Responding to contentions that its motion was untimely, coming almost two years into the litigation and a year after entry of the June 2005 consent judgment, SHOS admitted in its reply motion brief that "its motion comes at what would normally be considered the tail end of the litigation. However, the conflict remains a live one that may well require evidentiary hearings and substantially more review before the case is finished." SHOS did not seek to be heard on the legal issues which were before the trial court and which are the subject of this appeal. In fact at oral argument of this appeal, counsel agreed that SHOS's intervention would only be relevant if we were to vacate the consent judgment and remand the matter for a continuation of the condemnation proceedings.

To be granted intervention as of right under Rule 4:33-1, the party seeking intervention must:

(1) claim "an interest relating to the property or transaction which is the subject of the action," (2) show he is "so situated that the disposition of the action may as a practical matter impair or impede his ability to protect that interest," (3) demonstrate that the "applicant's interest" is not "adequately represented by existing parties," and (4) make a "timely" application to intervene. [Chesterbrooke Ltd. P'ship v. Planning Bd. of Twp. of Chester, 237 N.J. Super. 118, 124 (App. Div.), certif. denied, 118 N.J. 234 (1989) (citations omitted).]

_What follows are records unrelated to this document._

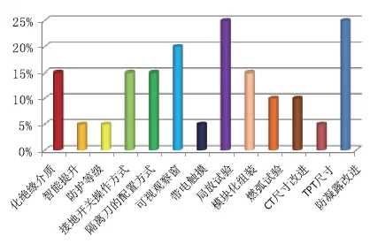 經過調研被參與者心中新產品哪些部分應當進行優化,認為應優化絕緣介質部分的占比15%,智能提高部分的占比5%,防護等級部分的占比5%,接地開關操作辦法的占比15%,隔絕刀的配置辦法的占比15%;可視觀察窗的占比20%,帶電觸摸的占比5%,局放試驗的占比25%,模塊化拼裝的占比15%,燃弧試驗的占比10%CT尺寸改善的占比10%;TPT尺寸的占比5%,防凝露改善的占比25%。如圖15所示。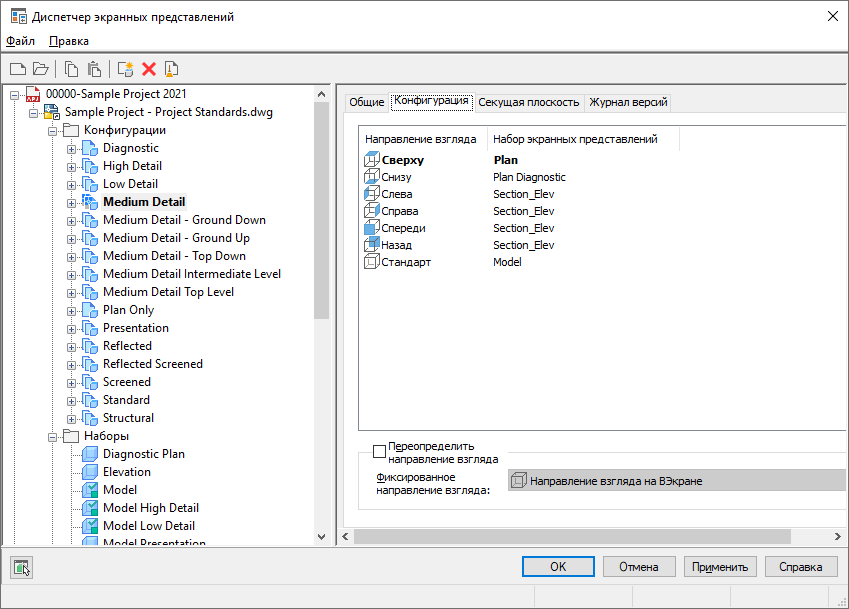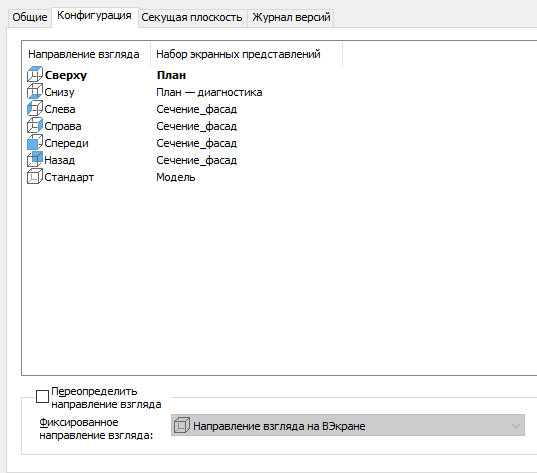 В следующем примере к направлению взгляда по умолчанию применяется набор "ЭП модель". В правой секции окна показано, что набор ЭП "Разрез_фасад" используется с направлениями взгляда "Спереди", "Снизу", "Слева" и "Справа". Набор "Экранных представлений план" используется с направлением взгляда "Сверху". В правой секции окна располагаются значки, соответствующие шести ортогональным направлениям взгляда, а также указывается направление взгляда по умолчанию.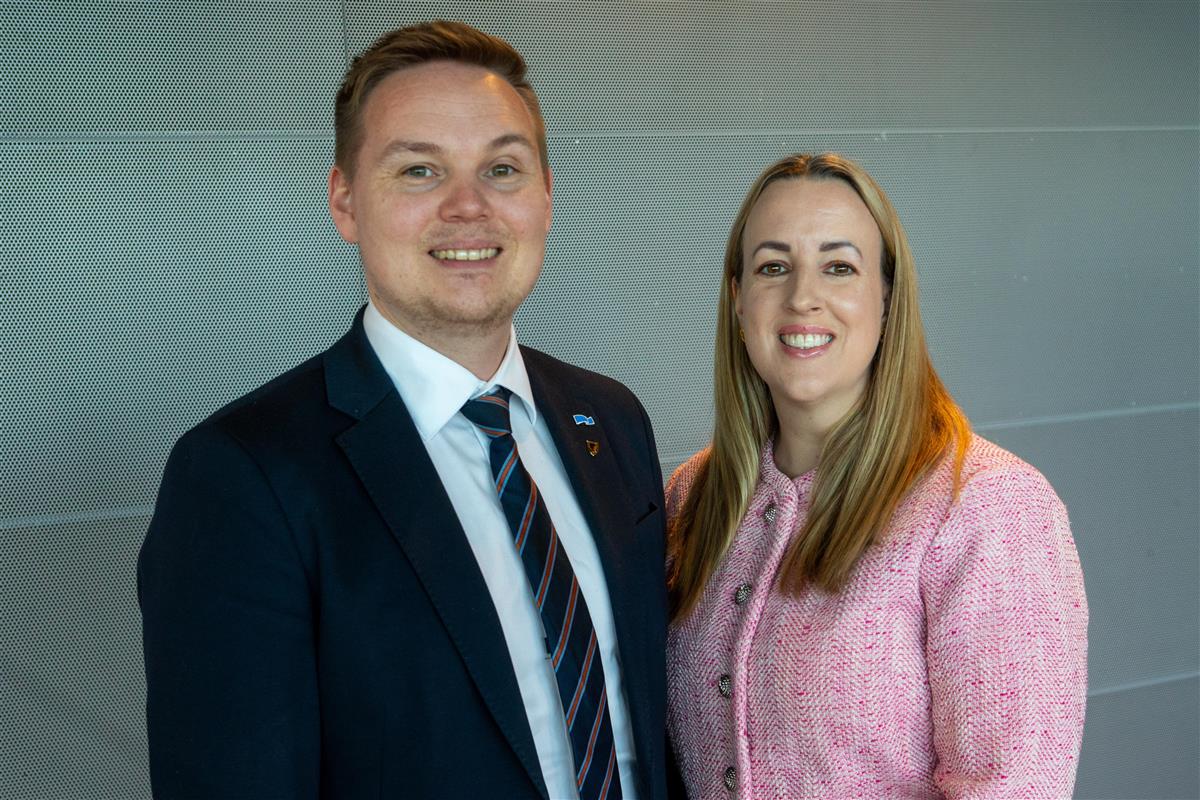 Smilende mann med slips og smilende kvinne. Foto. - Klikk for stort bildeFylkesråd for utbygging og eiendom Lise Henriette Rånes og fylkesråd for utdanning Joakim Sennesvik. Thor-Wiggo Skille

If a party is not entitled to intervention as of right, the court may afford the party the right to permissive intervention under Rule 4:33-2. See Am. Civil Liberties Union of N.J., Inc. v. County of Hudson, 352 N.J. Super. 44, 70 (App. Div. 2002), certif. denied, 174 N.J. 190 (2002). Permissive intervention may be granted at the court's discretion, based on the following considerations: the promptness of the application, whether or not the granting thereof will result in further undue delay, whether or not the granting thereof will eliminate the probability of subsequent litigation, and the extent to which the grant thereof may further complicate litigation which is already complex. [Ibid.]

We agree with Judge Feinberg that the application was untimely. The consent order was entered in June 2005, at which point the $4.1 million price was publicly known, but SHOS did not seek to intervene until October 2006. SHOS's application would certainly have caused delay, and the trial judge was properly "concerned with the potential for undue delay or prejudice to the rights of the City and the condemnee if intervention were permitted." Asbury Park v. Asbury Park Towers, 388 N.J. Super. 1, 12 (App. Div. 2006).

Granting intervention also would not necessarily have furthered SHOS's expressed interest in ensuring the acquisition of the property. In fact, if SHOS had succeeded in muddying a valuation issue that had been clarified by DEP's letter of interpretation concerning the wetlands on the property, SHOS might have interfered with the Township's ability to obtain funding for the acquisition. To the extent that SHOS's expressed interest was in ensuring that the property would be acquired, the Township and Fieldstone adequately, and successfully, represented that interest. We find no abuse of discretion or other error in the trial court's decision denying the motion.

Finally, while we appreciate SHOS's concern for the policy issue it seeks to raise, its application is moot in light of our disposition of the legal issues in this appeal.*fn6 And, despite SHOS's expressed concern in the trial court that funds would not be available to complete the acquisition of the property, the Legislature has appropriated $4.125 million to fund the acquisition.

Accordingly, we affirm the November 30, 2006 trial court order denying SHOS's motion to intervene in the litigation.